● **Required action**
Write out, word for word and with no pictures, each line below from the one containing "The owners spared" through the one containing "依据《房屋建筑及市政基础设施", both included, and no other line.

● **Dataset records**

--------

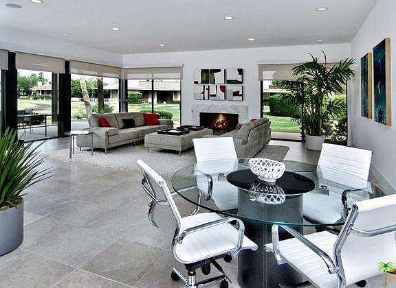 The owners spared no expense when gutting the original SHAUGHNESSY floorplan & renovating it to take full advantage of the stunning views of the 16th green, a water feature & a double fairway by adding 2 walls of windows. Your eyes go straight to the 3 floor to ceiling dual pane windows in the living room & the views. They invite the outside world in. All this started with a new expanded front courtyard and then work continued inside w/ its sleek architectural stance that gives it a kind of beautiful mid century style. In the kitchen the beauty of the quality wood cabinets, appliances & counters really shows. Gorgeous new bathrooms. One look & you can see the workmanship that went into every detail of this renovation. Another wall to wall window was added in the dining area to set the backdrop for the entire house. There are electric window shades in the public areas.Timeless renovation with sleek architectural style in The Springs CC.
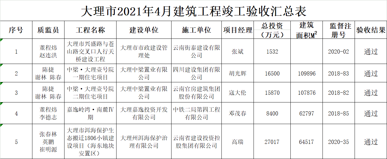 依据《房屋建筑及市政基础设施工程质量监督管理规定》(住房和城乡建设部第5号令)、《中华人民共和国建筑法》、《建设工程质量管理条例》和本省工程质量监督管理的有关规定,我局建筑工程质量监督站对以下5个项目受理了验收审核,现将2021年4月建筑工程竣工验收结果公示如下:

--------

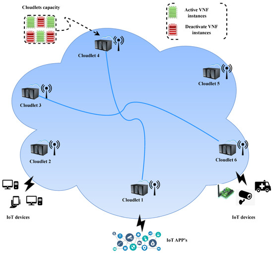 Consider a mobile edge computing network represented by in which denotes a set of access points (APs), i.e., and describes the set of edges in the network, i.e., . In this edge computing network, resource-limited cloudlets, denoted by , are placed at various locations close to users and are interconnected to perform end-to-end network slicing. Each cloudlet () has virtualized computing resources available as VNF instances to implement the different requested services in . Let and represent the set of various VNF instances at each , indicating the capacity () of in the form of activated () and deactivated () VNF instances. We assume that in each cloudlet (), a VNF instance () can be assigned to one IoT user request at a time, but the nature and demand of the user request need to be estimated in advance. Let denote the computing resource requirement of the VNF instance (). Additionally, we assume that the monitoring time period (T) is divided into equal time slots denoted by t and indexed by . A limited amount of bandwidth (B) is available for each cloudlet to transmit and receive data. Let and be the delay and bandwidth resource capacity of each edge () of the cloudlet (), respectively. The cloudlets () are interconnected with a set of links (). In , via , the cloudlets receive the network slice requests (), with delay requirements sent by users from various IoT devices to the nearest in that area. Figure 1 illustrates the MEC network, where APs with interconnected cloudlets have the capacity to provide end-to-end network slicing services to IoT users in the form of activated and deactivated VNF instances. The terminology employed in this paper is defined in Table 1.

--------

● **Task solution**
 The owners spared no expense when gutting the original SHAUGHNESSY floorplan & renovating it to take full advantage of the stunning views of the 16th green, a water feature & a double fairway by adding 2 walls of windows. Your eyes go straight to the 3 floor to ceiling dual pane windows in the living room & the views. They invite the outside world in. All this started with a new expanded front courtyard and then work continued inside w/ its sleek architectural stance that gives it a kind of beautiful mid century style. In the kitchen the beauty of the quality wood cabinets, appliances & counters really shows. Gorgeous new bathrooms. One look & you can see the workmanship that went into every detail of this renovation. Another wall to wall window was added in the dining area to set the backdrop for the entire house. There are electric window shades in the public areas.Timeless renovation with sleek architectural style in The Springs CC.
 依据《房屋建筑及市政基础设施工程质量监督管理规定》(住房和城乡建设部第5号令)、《中华人民共和国建筑法》、《建设工程质量管理条例》和本省工程质量监督管理的有关规定,我局建筑工程质量监督站对以下5个项目受理了验收审核,现将2021年4月建筑工程竣工验收结果公示如下:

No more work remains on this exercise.